Electronic – Why are oscilloscope input impedances so low

input-impedancemeasurementoscilloscopeprobe

My question is two-fold:

Where does the input impedance come from?

I'm wondering where the input impedance of your average multimeter or oscilloscope comes from? Is it just the input impedance to the device's input stage (such as an amplifier or ADC input stage), or is it the impedance of an actual resistor? If it is the impedance of an actual resistor, then why is there a resistor at all? Why not just the input circuitry?

I measured the input impedance of my oscilloscope with a DMM. When the scope was turned off, the DMM measured about \$1.2\mathrm{M\Omega}\$. However, when the scope was turned on, the DMM measured pretty much exactly \$1\mathrm{M\Omega}\$ (I could even see the 1V test input applied by the DMM on the oscilloscope screen!). This suggests to me that there is active circuitry involved in the scope's input impedance. If this is true, how can the input impedance be so precisely controlled? Based on my understanding, the input impedance to active circuitry will depend somewhat on the exact transistor characteristics.

Why can't the input impedance be much higher?

Why is the input impedance of an oscilloscope a standard \$1\mathrm{M\Omega}\$? Why can't it be higher than that? FET input stages can achieve input impedances on the order of teraohms! Why have such a low input impedance?

I suppose one benefit of a precise standard \$1\mathrm{M\Omega}\$ is it allows 10X probes and the like, which would only work if the scope had a precise input impedance that wasn't unreasonably large (like that of a FET input stage). However, even if the scope had a really high input impedance (e.g., teraohms), it seems to me that you could still have 10X probes just by having a 10:1 voltage divider inside the probe itself, with the scope measuring across a \$1\mathrm{M\Omega}\$ resistor inside the probe. If it had an input impedance on the order of teraohms, this would seem to be feasible.

Am I misunderstanding the input circuitry of a scope? Is it more complicated than I'm making it out to be? What are your thoughts on this?
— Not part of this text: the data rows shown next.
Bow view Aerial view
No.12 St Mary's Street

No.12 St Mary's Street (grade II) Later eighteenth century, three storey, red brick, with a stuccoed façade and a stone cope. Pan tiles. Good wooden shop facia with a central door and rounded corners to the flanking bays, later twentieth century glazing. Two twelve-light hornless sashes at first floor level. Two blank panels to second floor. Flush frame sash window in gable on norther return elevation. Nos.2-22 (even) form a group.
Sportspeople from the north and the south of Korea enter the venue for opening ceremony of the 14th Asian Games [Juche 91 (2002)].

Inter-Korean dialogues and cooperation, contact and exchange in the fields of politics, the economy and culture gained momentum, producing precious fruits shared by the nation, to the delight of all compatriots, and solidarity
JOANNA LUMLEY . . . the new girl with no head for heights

The reason I thought of this is that I've recently been trying to measure the common-mode input impedance of an emitter-coupled differential pair, which is much larger than the scope input impedance, so it made me wonder why the input impedance can't be larger.

Best Answer

I would say a combination of a few factors.
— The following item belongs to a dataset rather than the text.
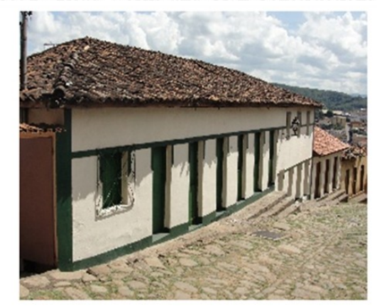
Set 2 - Road Works and Civil Constructions

  1. The input stages of an osciloscope are a difficult compromise. They need to be have a wide range of gains/attenutations, they need to be tolerant of user errors, and they need to pass high bandwidths. Adding a requirement for a very high DC resistance would just further complicate matters. In particular attenuators needed to handle the higher end of the scopes input level range would get much more complex/sensitive if they needed to have a very high DC resistance.
  2. It's a de-facto standard, changing to something else would lead to incompatibilities with existing probes etc.
  3. There wouldn't be much benefit anyway.
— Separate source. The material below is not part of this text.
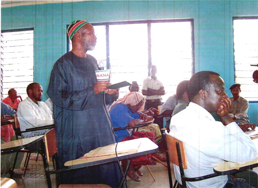
A livestock farmer presenting a memorandum to the Committee at Garissa Farmers College.
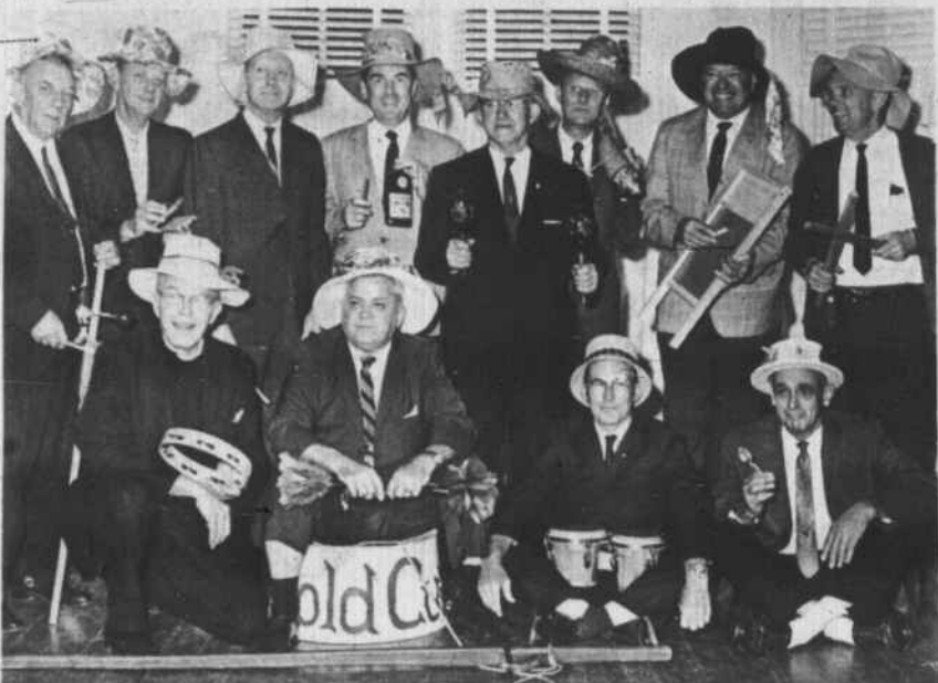
"Cold Cuts" Entertain Episcopal Men

To further explain point 3, at moderate frequencies (from a few kilohertz upwards) the 1 megohm DC resistance of the scope input is not the dominant factor in the overall input impedance. The dominant factor is the capacitance, with the cable making probably the largest contribution.

(in fact at UHF/microwave frequencies it's common to reduce the scope input impedance to 50 ohm, so the inductance in the cable can balance out the capacitance and the cable becomes a properly matched transmission line)

What this means is if high input impedances are desirable then it's much better to deal with that at the point of probing than at the scope. The typical compromise of cost/flexibility/input impedance for general use is an x10 passive probe.

If you need a really high DC resistance then the solution is to add a FET based amplifier in front of the scope, preferably as close to the point of measurement as possible.